Data for review =
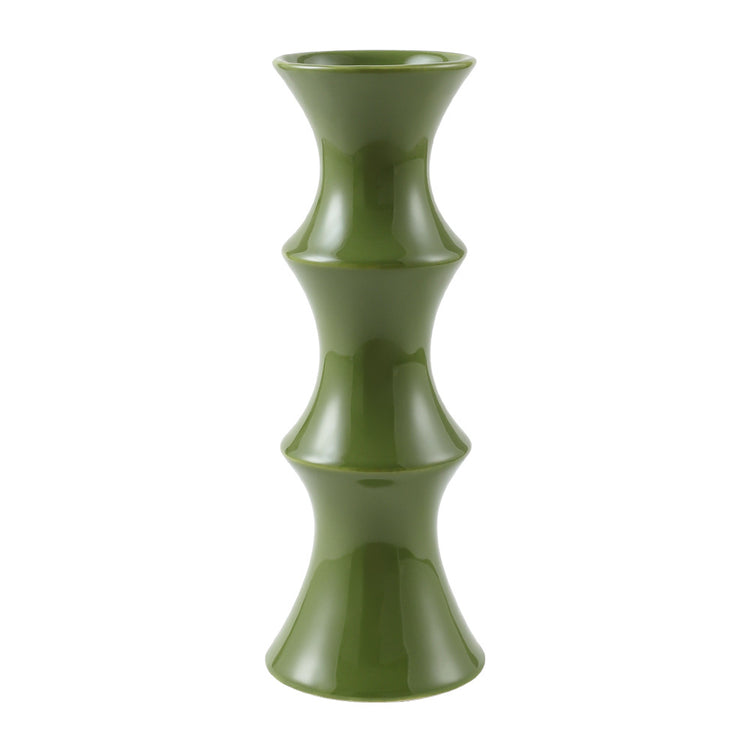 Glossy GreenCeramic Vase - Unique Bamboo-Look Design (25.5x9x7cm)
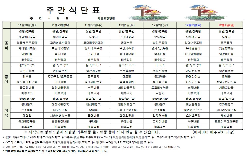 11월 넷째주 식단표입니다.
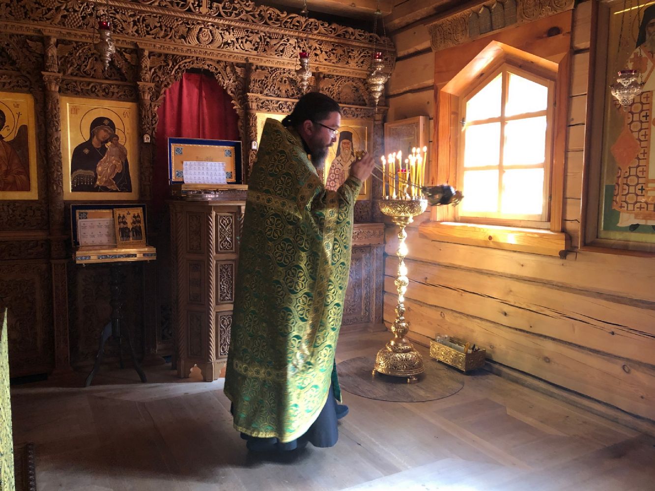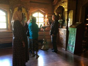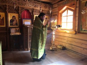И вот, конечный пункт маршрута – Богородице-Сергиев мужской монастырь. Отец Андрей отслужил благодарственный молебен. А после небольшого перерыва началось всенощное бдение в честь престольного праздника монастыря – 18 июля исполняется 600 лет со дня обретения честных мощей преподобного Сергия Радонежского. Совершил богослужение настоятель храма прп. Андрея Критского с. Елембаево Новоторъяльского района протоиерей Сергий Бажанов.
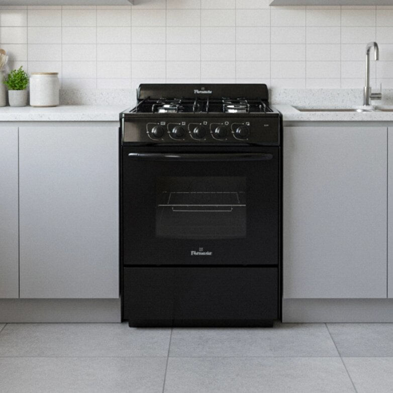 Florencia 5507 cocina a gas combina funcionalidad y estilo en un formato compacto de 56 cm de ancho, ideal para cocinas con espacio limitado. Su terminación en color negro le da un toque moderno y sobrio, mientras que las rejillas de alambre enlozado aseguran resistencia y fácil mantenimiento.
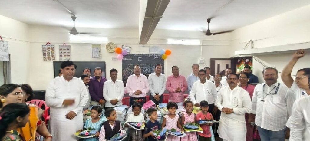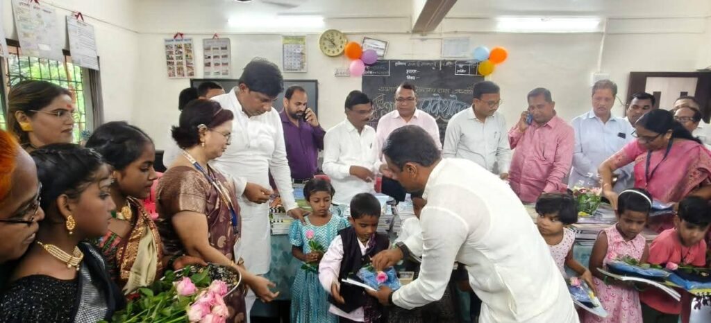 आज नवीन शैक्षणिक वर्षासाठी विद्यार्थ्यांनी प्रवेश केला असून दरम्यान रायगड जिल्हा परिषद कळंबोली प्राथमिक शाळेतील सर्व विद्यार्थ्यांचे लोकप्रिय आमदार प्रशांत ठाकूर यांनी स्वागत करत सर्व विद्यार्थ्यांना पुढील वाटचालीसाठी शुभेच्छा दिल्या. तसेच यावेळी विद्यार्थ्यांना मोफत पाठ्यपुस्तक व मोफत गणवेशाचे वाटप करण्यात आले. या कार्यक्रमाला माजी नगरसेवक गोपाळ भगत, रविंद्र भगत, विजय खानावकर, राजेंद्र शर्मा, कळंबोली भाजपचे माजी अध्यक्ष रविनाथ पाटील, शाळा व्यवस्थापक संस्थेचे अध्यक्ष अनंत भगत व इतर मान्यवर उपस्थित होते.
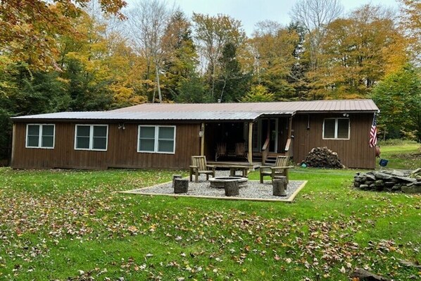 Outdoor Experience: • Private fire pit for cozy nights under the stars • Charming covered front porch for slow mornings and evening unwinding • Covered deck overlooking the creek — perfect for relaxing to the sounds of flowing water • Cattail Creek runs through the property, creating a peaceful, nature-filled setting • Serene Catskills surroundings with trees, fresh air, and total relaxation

What the exercise asks =
All lines from the first in the listing above to the line containing "Florencia 5507 cocina", inclusive, go in the output exactly as they are; no pictures go in.

Task solution =
 Glossy GreenCeramic Vase - Unique Bamboo-Look Design (25.5x9x7cm)
 11월 넷째주 식단표입니다.
И вот, конечный пункт маршрута – Богородице-Сергиев мужской монастырь. Отец Андрей отслужил благодарственный молебен. А после небольшого перерыва началось всенощное бдение в честь престольного праздника монастыря – 18 июля исполняется 600 лет со дня обретения честных мощей преподобного Сергия Радонежского. Совершил богослужение настоятель храма прп. Андрея Критского с. Елембаево Новоторъяльского района протоиерей Сергий Бажанов.
 Florencia 5507 cocina a gas combina funcionalidad y estilo en un formato compacto de 56 cm de ancho, ideal para cocinas con espacio limitado. Su terminación en color negro le da un toque moderno y sobrio, mientras que las rejillas de alambre enlozado aseguran resistencia y fácil mantenimiento.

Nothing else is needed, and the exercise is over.